Data records section start

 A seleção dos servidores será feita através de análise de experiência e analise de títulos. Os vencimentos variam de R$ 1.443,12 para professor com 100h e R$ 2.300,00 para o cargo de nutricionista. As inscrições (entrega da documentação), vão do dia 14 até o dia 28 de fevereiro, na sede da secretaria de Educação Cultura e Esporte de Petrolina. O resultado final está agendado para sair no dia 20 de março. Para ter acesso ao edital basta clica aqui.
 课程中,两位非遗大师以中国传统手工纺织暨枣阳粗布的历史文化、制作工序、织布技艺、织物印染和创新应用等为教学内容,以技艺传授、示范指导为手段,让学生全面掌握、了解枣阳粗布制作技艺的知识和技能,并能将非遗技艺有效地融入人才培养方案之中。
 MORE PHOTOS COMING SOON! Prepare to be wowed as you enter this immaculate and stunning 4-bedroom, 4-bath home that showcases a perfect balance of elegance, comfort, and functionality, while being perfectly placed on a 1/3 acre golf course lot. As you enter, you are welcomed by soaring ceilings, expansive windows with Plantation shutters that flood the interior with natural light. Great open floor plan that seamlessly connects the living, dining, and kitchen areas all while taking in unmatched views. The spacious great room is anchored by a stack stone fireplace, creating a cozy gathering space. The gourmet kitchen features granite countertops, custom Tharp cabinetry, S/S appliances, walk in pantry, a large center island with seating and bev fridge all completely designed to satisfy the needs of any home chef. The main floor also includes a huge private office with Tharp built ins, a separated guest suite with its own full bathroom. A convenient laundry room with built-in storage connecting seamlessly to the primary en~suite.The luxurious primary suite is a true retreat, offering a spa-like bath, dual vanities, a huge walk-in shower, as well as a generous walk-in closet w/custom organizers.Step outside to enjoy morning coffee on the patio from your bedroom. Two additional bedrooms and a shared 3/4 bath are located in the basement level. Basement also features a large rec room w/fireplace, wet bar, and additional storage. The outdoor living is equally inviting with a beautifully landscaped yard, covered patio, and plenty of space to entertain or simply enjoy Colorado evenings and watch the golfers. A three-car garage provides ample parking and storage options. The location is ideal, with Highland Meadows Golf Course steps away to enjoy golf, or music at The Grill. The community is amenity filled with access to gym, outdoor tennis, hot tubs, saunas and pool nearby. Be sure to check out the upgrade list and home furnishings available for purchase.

Data records section end
Data records section start

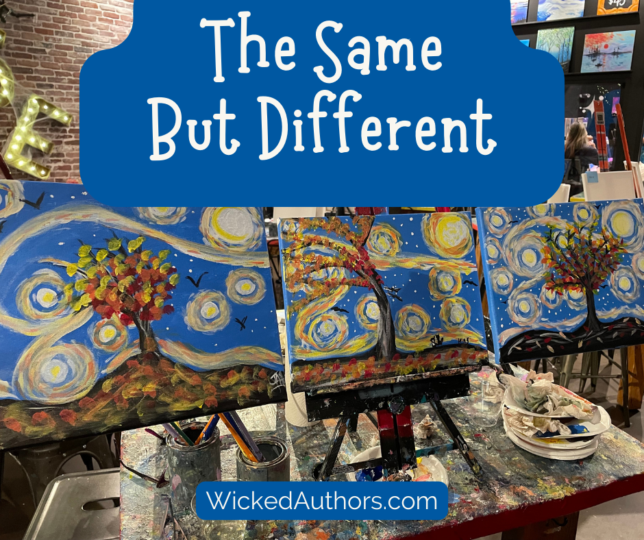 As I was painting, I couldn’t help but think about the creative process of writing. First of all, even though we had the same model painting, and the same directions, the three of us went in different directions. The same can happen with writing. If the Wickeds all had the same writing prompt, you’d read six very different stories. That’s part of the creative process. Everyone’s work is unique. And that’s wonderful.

Data records section end

Required action:
Would you quote everything above from the line containing "A seleção dos" down to the line containing "课程中,两位非遗大师以中国传"? Include both of those lines and nothing else.

Output of the exercise:
 A seleção dos servidores será feita através de análise de experiência e analise de títulos. Os vencimentos variam de R$ 1.443,12 para professor com 100h e R$ 2.300,00 para o cargo de nutricionista. As inscrições (entrega da documentação), vão do dia 14 até o dia 28 de fevereiro, na sede da secretaria de Educação Cultura e Esporte de Petrolina. O resultado final está agendado para sair no dia 20 de março. Para ter acesso ao edital basta clica aqui.
 课程中,两位非遗大师以中国传统手工纺织暨枣阳粗布的历史文化、制作工序、织布技艺、织物印染和创新应用等为教学内容,以技艺传授、示范指导为手段,让学生全面掌握、了解枣阳粗布制作技艺的知识和技能,并能将非遗技艺有效地融入人才培养方案之中。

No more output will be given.